LEconomist Jean Pisani-Ferry stated, in World on October 26, that we are now faced with a difficult choice: we “imposing sacrifices in the name of climate”or simply give up – at predictable and dire risks.
But what sacrifice exactly? Is eating better, less meat and more organic, by consuming more food produced locally, a sacrifice? Is reducing the number and length of daily trips due to the elimination of urban sprawl a painful thing? Is lack of independent work and sleep unpleasant? Less investment in highways, motorways, urban toll roads and motorway interchanges, doesn’t that save money for more enjoyable things?

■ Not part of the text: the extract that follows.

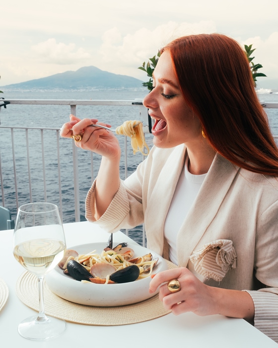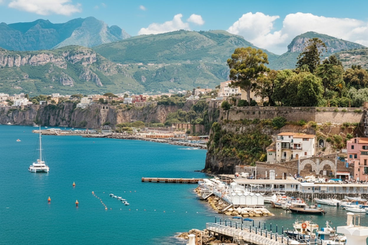 the Gulf of Naples, with a breathtaking view of Mount Vesuvius.
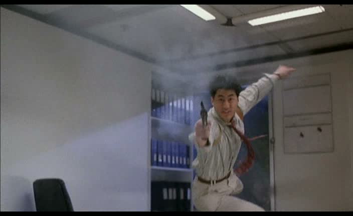Après un premier opus sous forme de polar violent, puis une fausse suite sous forme de film d’action avec de l’humour léger, Yuen Woo Ping revient une nouvelle fois avec une dernière suite. Un peu la suite de trop dans le fond. Tentant de revenir à un polar sérieux comme l’était le premier opus, tout en le mâtinant de quelques combats, ce nouvel opus n’a aucun rapport avec les précédents. Donnie Yen, qui était de la partie dans les deux opus, ne revient pas. Nouvelle histoire, nouveau casting, tout change. Nous suivons cette fois-ci deux flics de la brigade financière qui tentent de coincer un truand. Pour ce faire, toutes les techniques sont bonnes, à commencer par des écoutes. Comme les deux précédents, l’histoire est simple. Le ton se veut plus sombre, comme pour le premier opus, peu de blagues seront présentes. Au casting, outre Cheung Kwok-Leung, que l’on retrouva à l’époque dans un bon paquet de films de ce genre, Michael Wong, pas le meilleur acteur du monde certes, mais toujours sympathique à voir à l’écran (le premier In The Line of Duty mais également le quatrième opus, City Hunter ou encore Thunderbolt). Ce sont bien entendu les gentils, tandis que Sharla Cheung joue Suki, la petite amie de James (Cheung Kwok-Leung), plus habituée aux rôles légers dans les films de Wong Jing (Magic Crystal, God of Gamblers et ses suites, Royal Tramp). Ici, elle joue la « vraie » méchante du métrage, manipulant tout le monde en fonction de ses besoins et de ses envies de grandeur.

Reduced air travel only bothers 2% or 3% of the population, this is not dramatic, it means less spending on planes, airfields, kerosene and it will reallocate the economy by limiting the exchange of goods between continents.
An idea that makes eco-bashing easier
Less impervious land would avoid many disasters of great human and financial cost: we can achieve this thanks to a gradual refocusing, in all inhabited environments, jobs, businesses, equipment that are unfortunately relegated to highly specialized peripheral areas. Does local urban planning interfere? Isn’t this achievable if we give the city new ambitions?
Don’t throw stones at Jean Pisani-Ferry. The idea that an environmentally friendly world requires us to give up many beautiful things is widespread, including among certified ecologists. However, this is a very questionable idea because it tends to alienate many citizens from ecology and facilitates eco-lobashing, which in recent times has increasingly taken over everything.
It is therefore urgent to present ecology in addition to simplifying shortcuts, namely: exorbitant costs, unpleasant resistance, endless efforts, unsettling turmoil. It is under these conditions, in political debates, that ecology will receive serious attention.